Поезд отправился в рейс и об этом разговоре Краснушкин как-то забыл. Он вспомнил о нём, когда однажды Сологубенко развернул журнал, и на развороте на мелованной бумаге Краснушкин увидел известный ему рисунок.
— Ну, заварили кашу, — проговорил Краснушкин, — теперь держись «гнева всевышнего».
— Э… бог не выдаст, чёрт не съест, — махнул рукой художник.
Это было накануне рейса в Пружаны. И вот сейчас Краснушкин, вспоминая всю эту историю, с тревогой ждал возвращения в Петроград.
Когда поезд подошёл к Брест-Литовску, Варя поспешила в гвардейский штаб. От Кочаровского-сына ей удалось узнать место пребывания тяжёлого дивизиона. С ликующим, счастливым лицом она возвратилась в купе к Краснушкину.
— Едем в Пружаны! — закричала она.
— Что с Вами, милая коллега? Что Вас ждёт в этом маленьком и скверном городишке?
— Любовь моя, счастье моё, радость моя!
— О господи! Это значит — Серёжа.
— Ага. Они в Пружанах. И мы их увидим. Кочаровский обещал сообщить туда. Я так соскучилась, так изволновалась, что, верно, не доживу до этого дня. Поклянитесь, что отпустите меня на целый день.
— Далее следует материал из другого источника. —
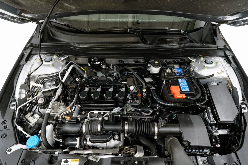 This Accord is well equipped with Black w/Fabric w/Synthetic Leather Seat Trim, Adaptive Cruise Control: Adaptive Cruise Control (ACC) with Low-Speed Follow, Forward collision: Collision Mitigation Braking System (CMBS) + FCW mitigation, Lane Departure Warning System, Radio: 180-Watt AM/FM Audio System, 4-Wheel Disc Brakes, 8 Speakers, ABS brakes, Air Conditioning, Alloy wheels, AM/FM radio, Apple CarPlay/Android Auto, Auto High-beam Headlights, Automatic temperature control, Brake assist, Bumpers: body-color, Delay-off headlights, Driver door bin, Driver vanity mirror, Dual front impact airbags, Dual front side impact airbags, Electronic Stability Control, Emergency communication system: HondaLink, Exterior Parking Camera Rear, Fabric w/Synthetic Leather Seat Trim, Four wheel independent suspension, Front anti-roll bar, Front Bucket Seats, Front Center Armrest, Front dual zone A/C, Front fog lights, Front reading lights, Fully automatic headlights, Illuminated entry, Knee airbag, Leather Shift Knob, Leather steering wheel, Low tire pressure warning, Occupant sensing airbag, Outside temperature display, Overhead airbag, Overhead console, Panic alarm, Passenger door bin, Passenger vanity mirror, Power door mirrors, Power driver seat, Power steering, Power windows, Radio data system, Rear anti-roll bar, Rear seat center armrest, Rear window defroster, Remote keyless entry, Security system, Speed control, Speed-sensing steering, Speed-Sensitive Wipers, Split folding rear seat, Spoiler, Steering wheel mounted audio controls, Tachometer, Telescoping steering wheel, Tilt steering wheel, Traction control, Trip computer, Variably intermittent wipers, and Wheels: 19" Machine-Finished Alloy w/Black Inserts.

Ну, Иван Павлович, милый… Мне так нужно…
Когда поезд остановился на грязной, забитой народом станции, Варя, встав на подножку, с трудом увидела мужа. Расталкивая толпу, Звонарёв спешил к Варе. Она видела похудевшее, загоревшее до черноты родное лицо. Оно стремительно приближалось.
— Варенька, — услышала она родной голос, — что же ты плачешь?…
Батарея стояла недалеко от города в небольшом, но живописном лесочке. Ранняя осень только коснулась своей рукой верхушек деревьев, как по головепозолотила. кое-где на выбор, прихотливо, как капризная женщина, поцеловала то клён, то осину, и те вспыхнули живым огнём, ярко-пунцовым румянцем от гордости и счастья. Стоят и красуются среди ещё буйной зелени первые избранницы осени, нарядные и гордые в своём новом, ярком уборе.
— Как хорошо, Серёжа, какое чудо всё-таки осень! — вздохнув всей грудью, проговорила Варя. — И воздух необыкновенный какой-то, свежий, но полный новых запахов: и палого листа, и поздних цветов, и увядающей травы, а быть может, и грбов. Будто настоен на осени. Удивительно хорошо. Правда?
— Прелесть…
Звонарёв присел на траву, потом лёг навзничь, подложив руки под голову.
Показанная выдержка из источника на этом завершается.